The development was detailed by the Wall Street Journal on Thursday afternoon. Unnamed sources who spoke to the publication said Facebook until recently had a team of WhatsApp employees assigned to figuring out the best way to blend ads into the service’s interface. That team, the insiders divulged, was disbanded sometime in the last few months.
Facebook has made no secret of intentions to get more aggressive in making money from WhatsApp. At a marketing event in the Netherlands last year, the company showed attendees a proof-of-concept ad format that looked like a regular status update but featured content from brands.
Though not surprising, Facebook’s plan to extend its advertising business to WhatsApp has proved somewhat controversial. The initiative was reportedly what drove WhatsApp co-founders Jan Koum and Brian Acton to quit the company before all their stock awards from the acquisition had a chance to vest. The pair deliberately avoided putting ads in WhatsApp while it was independent, reportedly even going as far as changing the service’s terms of service before Facebook completed the deal to complicate future advertising efforts.
The insiders who spoke with Journal said that the social network’s monetization push will going forward focus on providing customer communications tools for businesses. However, Facebook reportedly still has plans to introduce ads at “one point” in the future.

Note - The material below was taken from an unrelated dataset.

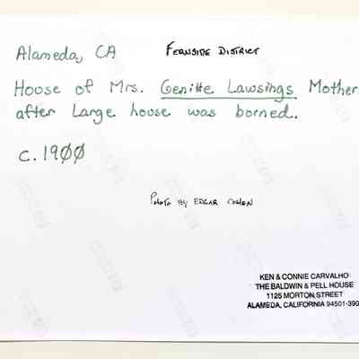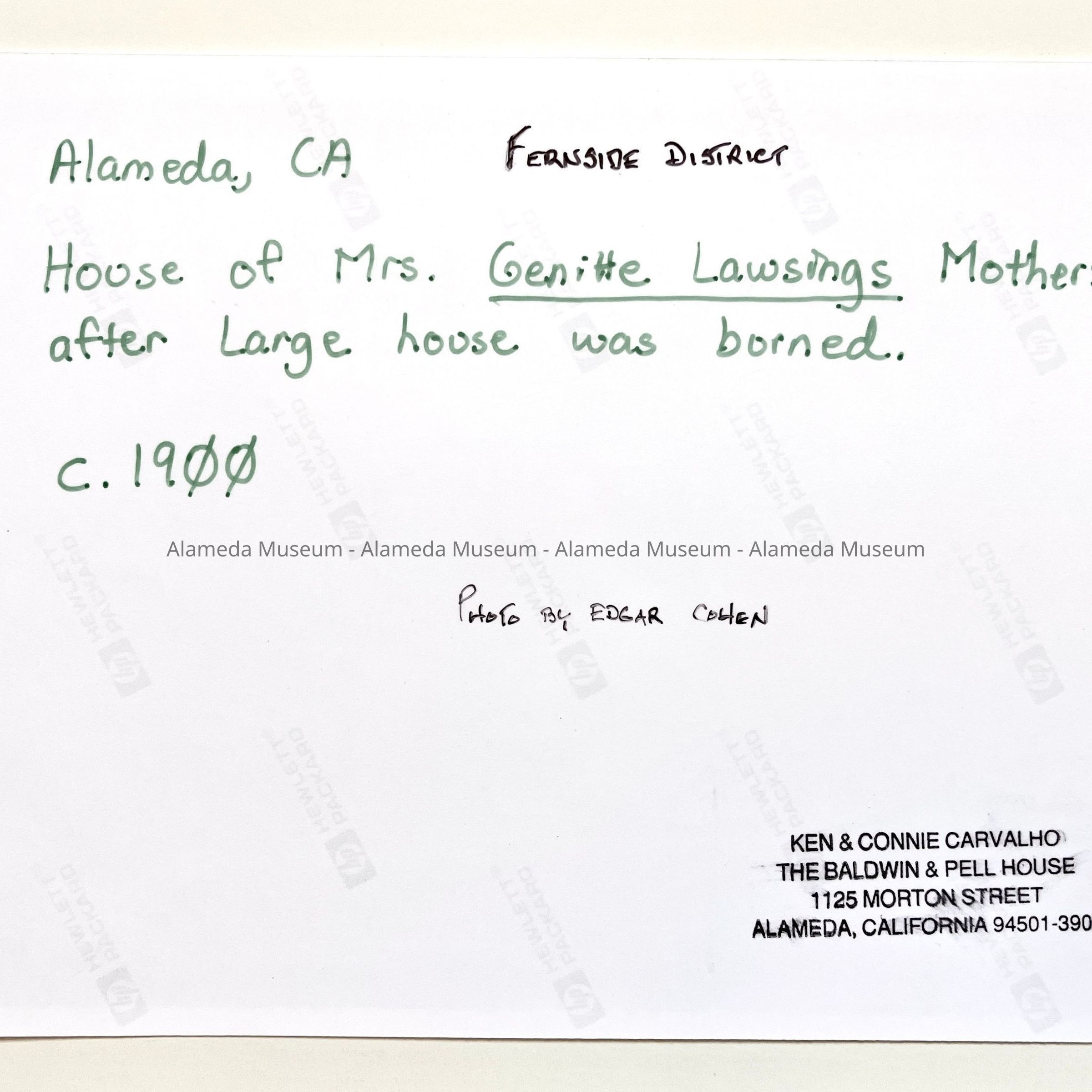 A COMPUTER-GENERATED PHOTOGRAPH FROM THE ORIGINAL. THE ORIGINAL PHOTOGRAPH BORE THE FOLLOWING CAPTION: "ALAMEDA, CAL., HOUSE OF MRS G LAWSINGS' MOTHER AFTER LARGE HOUSE WAS BURNED." NAME BELIEVED TO BE LANSING, AND THE MOTHER IN QUESTION WAS MRS A A COHEN. THE ORIGINAL PHOTOGRAPH WAS SIGNED, "EDGAR COHEN, SON OF A A COHEN.".

It’s unclear exactly what drove the social network to shelve the project. One possible reason may be the continued scrutiny Facebook is facing from regulators worldwide, particularly around privacy.
Serving up ads in WhatsApp with the same level of targeting Facebook enables on its namesake platform and Instagram may require the company to collect more data about users. Currently, Facebook can’t read user messages because of the app’s end-to-end encryption. At a time when the company is facing an ongoing investigation into its privacy practices and multiple other parallel probes, a push to harvest more data about WhatsApp users to enhance ads might have further complicated its relationship with regulators.
WhatsApp is already drawing scrutiny as it is. According to a report from December, the U.S. Federal Trade Commission is weighing whether to block Facebook’s ongoing project to integrate the service more tightly with its other social media properties.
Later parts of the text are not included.